** Opening Records shown block **
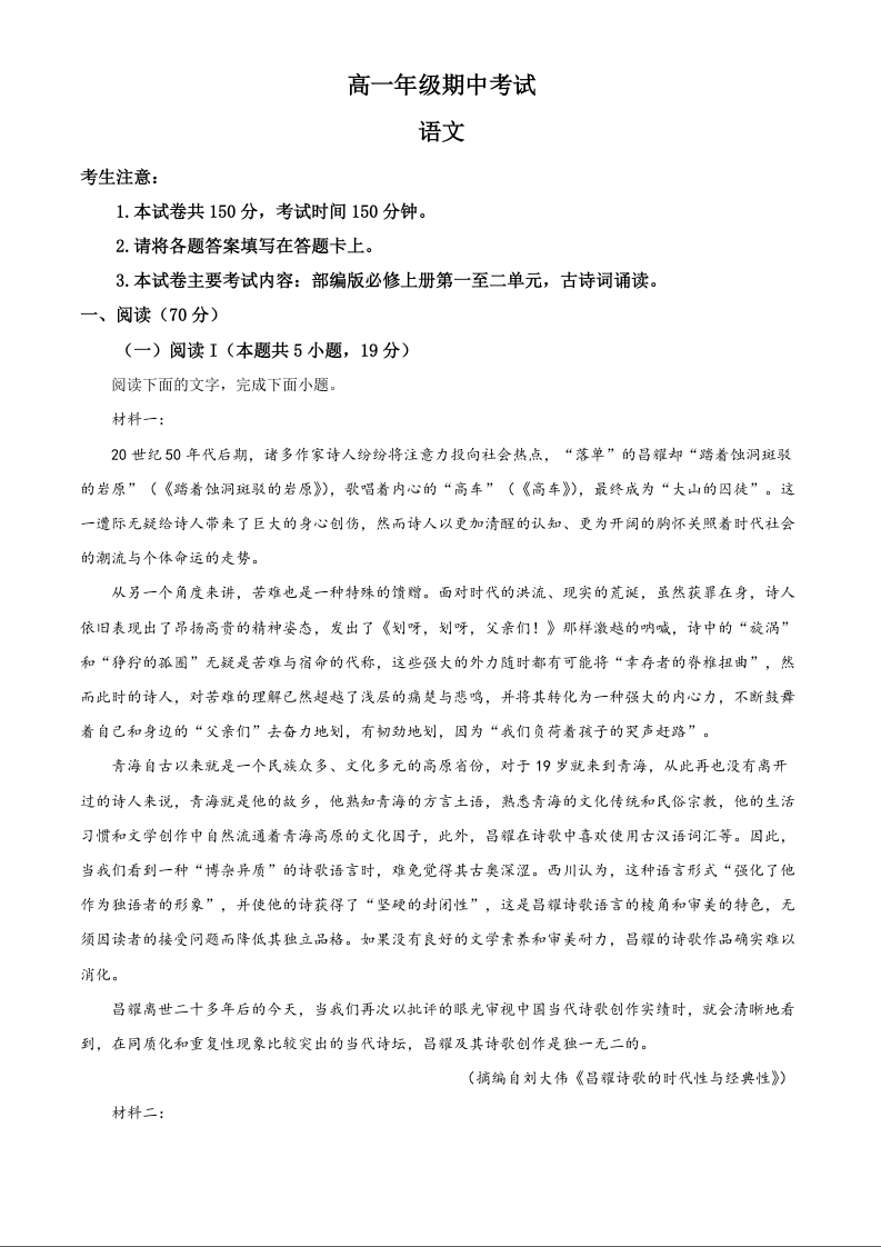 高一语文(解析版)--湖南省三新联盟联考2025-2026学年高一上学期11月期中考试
** Closing Records shown block **
** Opening Records shown block **
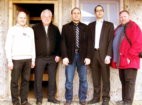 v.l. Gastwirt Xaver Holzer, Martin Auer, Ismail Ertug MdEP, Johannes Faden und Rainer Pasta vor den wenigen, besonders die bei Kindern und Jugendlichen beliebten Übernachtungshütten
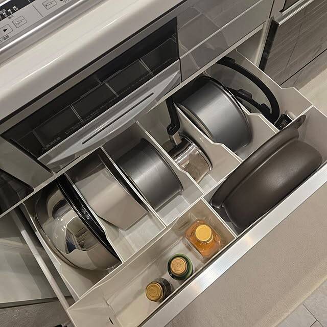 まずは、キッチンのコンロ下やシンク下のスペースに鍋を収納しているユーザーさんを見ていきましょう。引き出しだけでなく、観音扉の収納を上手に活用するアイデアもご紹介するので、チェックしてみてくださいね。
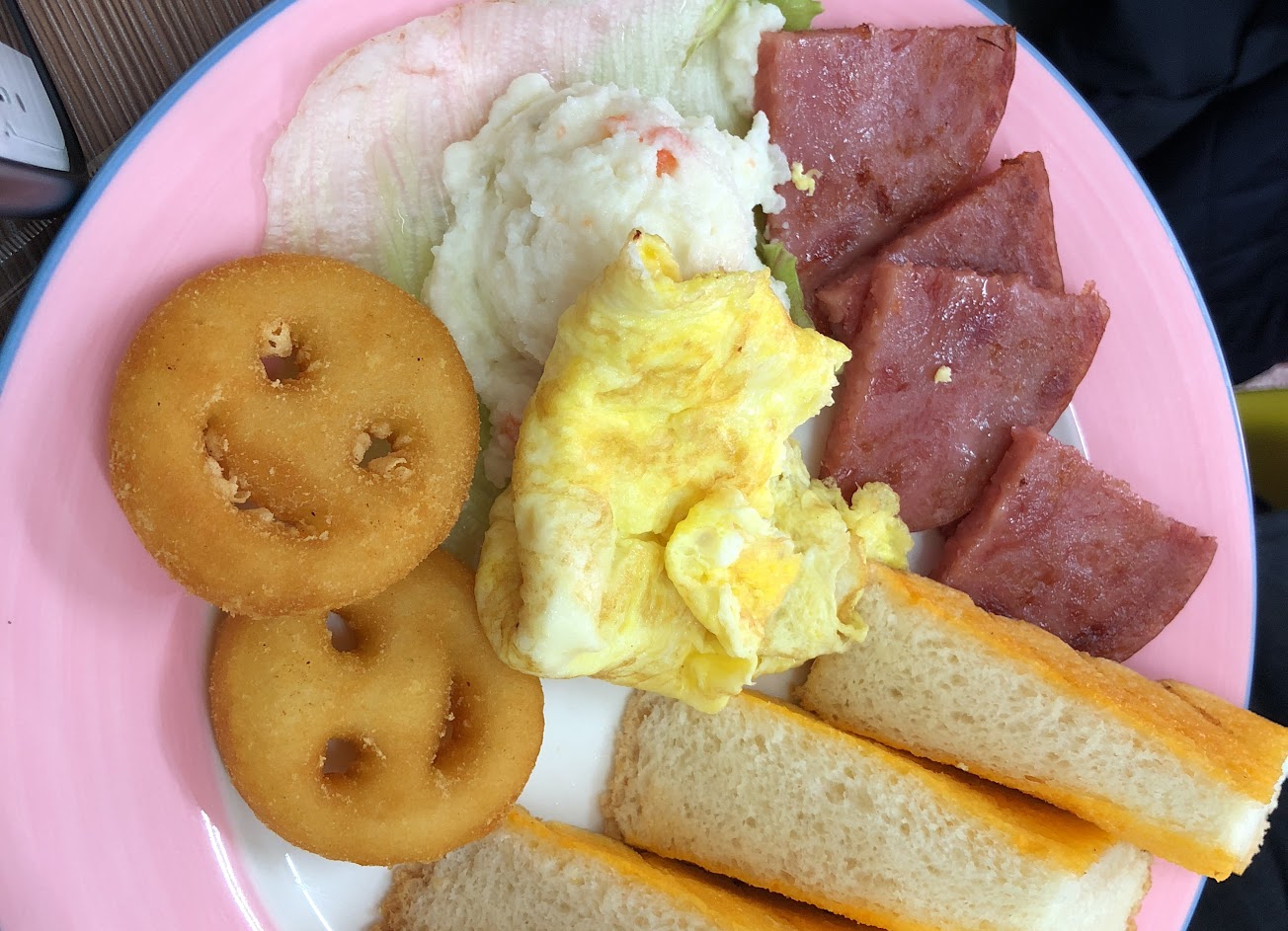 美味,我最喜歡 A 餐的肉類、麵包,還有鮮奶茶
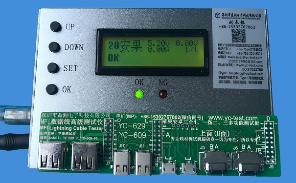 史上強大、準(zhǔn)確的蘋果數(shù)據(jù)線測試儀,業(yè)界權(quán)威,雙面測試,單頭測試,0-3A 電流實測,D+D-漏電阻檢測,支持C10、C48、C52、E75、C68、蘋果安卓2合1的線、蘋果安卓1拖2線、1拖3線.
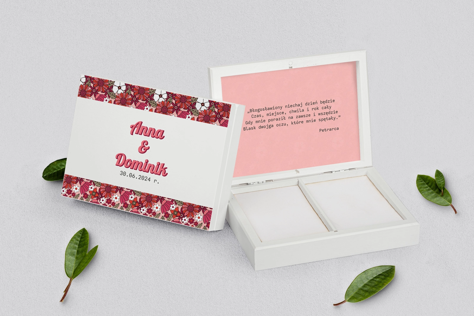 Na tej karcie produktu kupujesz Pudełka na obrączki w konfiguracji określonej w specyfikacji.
** Closing Records shown block **
- _Work required_
When you reach the line holding "まずは、キッチンのコンロ下や" in the listing above, begin retyping exactly, and stop once the line holding "史上強大、準(zhǔn)確的" is done; pictures stay out.

- _Solution to this problem_
 まずは、キッチンのコンロ下やシンク下のスペースに鍋を収納しているユーザーさんを見ていきましょう。引き出しだけでなく、観音扉の収納を上手に活用するアイデアもご紹介するので、チェックしてみてくださいね。
 美味,我最喜歡 A 餐的肉類、麵包,還有鮮奶茶
 史上強大、準(zhǔn)確的蘋果數(shù)據(jù)線測試儀,業(yè)界權(quán)威,雙面測試,單頭測試,0-3A 電流實測,D+D-漏電阻檢測,支持C10、C48、C52、E75、C68、蘋果安卓2合1的線、蘋果安卓1拖2線、1拖3線.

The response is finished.